__THE PROBLEM__:
In the entries below, filter for the word "Photo" and copy every matching line.

DATA SUPPLIED Block Start

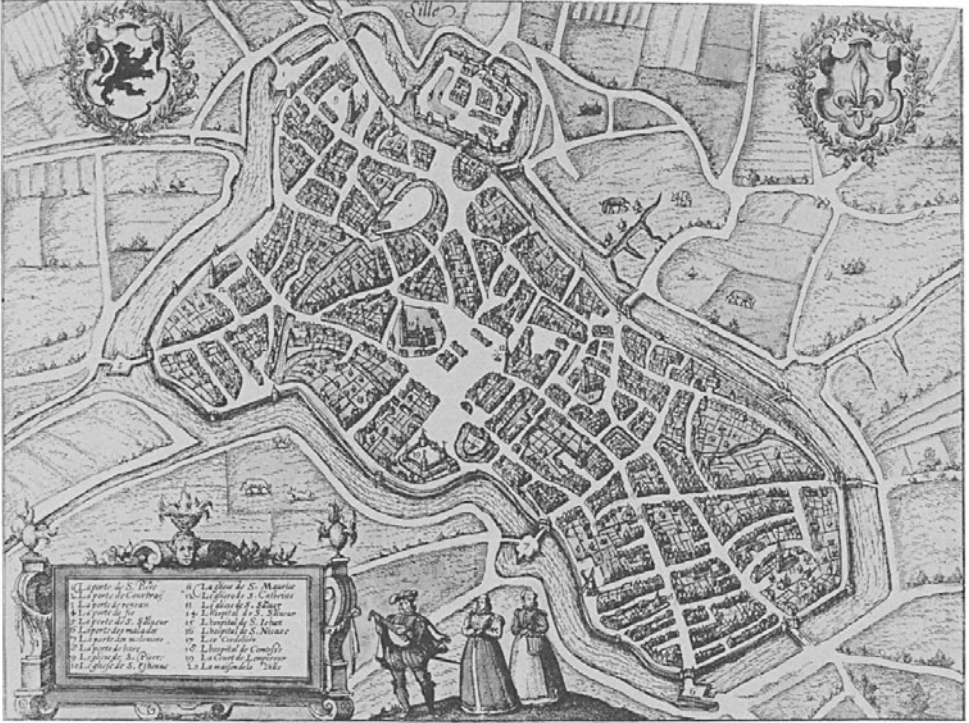
The City of Lille. Engraving from the sixteenth century. Lille, Musée de l'Hospice Comtesse.
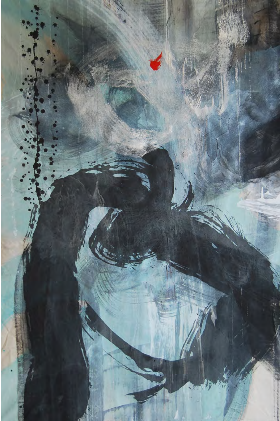
Walking Meditation Blue #2 , 3' x 4'3" Sumi ink, acrylic, oil stick, metallic powder on canvas 2013
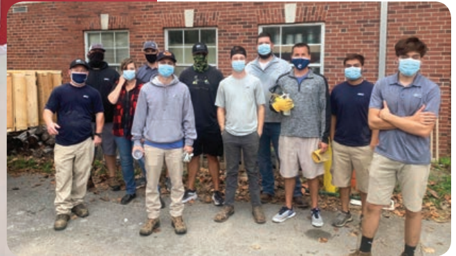
Volunteer groups like Southeast Restoration of Chattanooga cleaned out the old maintenance shop to get ready for the move.
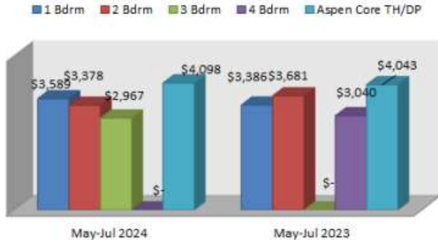
Avg Sold $ / Sq Ft
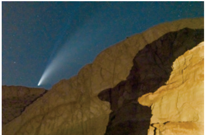
Comet with Silhouette
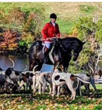
Foxchasing De La Brooke Foxhounds is one of nine recognized packs in Maryland.
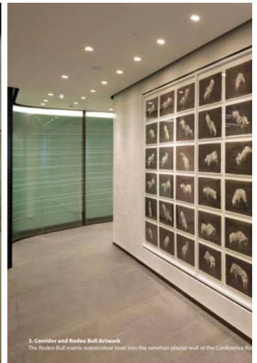
3. Corridor and Rodeo Bull Artwork The Rodeo Bull matrix watercolour burst into the venetian plaster wall of the Conference Room.
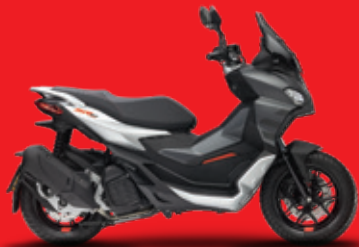
|| STREET GREY
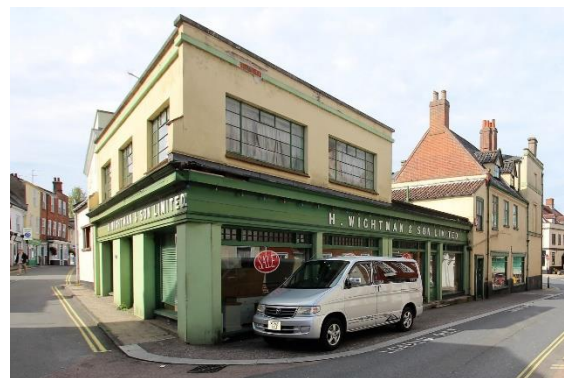
Nos.2 & 2a Trinity Street with No.5 Market Place in the distance

No.2 Trinity Street (grade II). Seventeenth century and of two storeys with an attic lit by two gabled casement dormers. Limewashed brick, band cut away, plinth. Wooden cornice, black pan tiles, three first floor original mullioned and transomed casements. Six-panelled door in wing, left. Two late twentieth century plate glass shop windows to the ground floor. (See also No.5 Market Place).
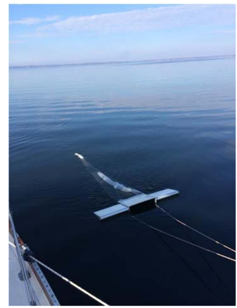
The trash trawl net is 330 microns in size, and will catch everything but water, Photo Credit; Julie Lawson

What can installations do about this alarming fact? For starters, get your installation community involved with trash clean up events regularly. These are usually free to host and require little coordination and volunteer time. Also, get your coworkers to watch this two-minute video on the introduction of microbeads; it may change the way they think about the products they use! <a href="http://storyofstuff.org/movies/lets-ban-the-bead/">http://storyofstuff.org/movies/lets-ban-the-bead/</a>
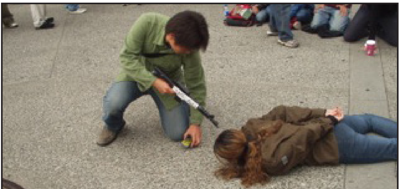
UC Berkeley: an anti-Israel demonstration during Israeli Apartheid Week

What's the solution? Answer BDS' Big Lies with cogent arguments and the historical record. As U.S. Supreme Court Justice Louis D. Brandeis wrote, "Truth is the best disinfectant."
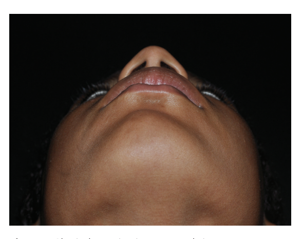
Figure 1. Physical examination, extraoral view.

Once the echographic examination had confirmed the vascular nature of the lesion with slow continuous flow and had identified its location, the decision was taken to employ sclerotherapy with 0.05 g/ mL of monoethanolamine oleate, administered on three occasions via slow infiltration of 2 mL into the
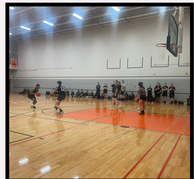
The final game in action
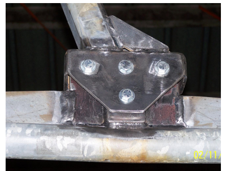
Stem/Bail connection after mod.
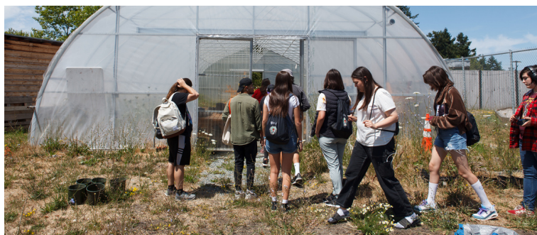
Photo: Mini-U campers learning on the land.
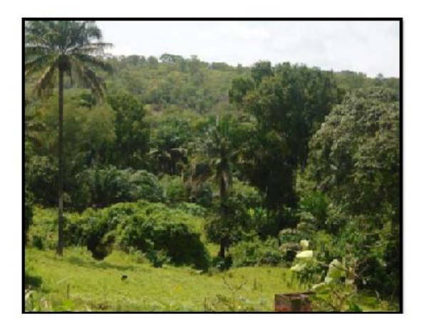
Figure 4: Forest as a Source of Fuel Wood at Yelwa Village

DATA SUPPLIED Block End

__ANSWER BOX__:
The trash trawl net is 330 microns in size, and will catch everything but water, Photo Credit; Julie Lawson
Photo: Mini-U campers learning on the land.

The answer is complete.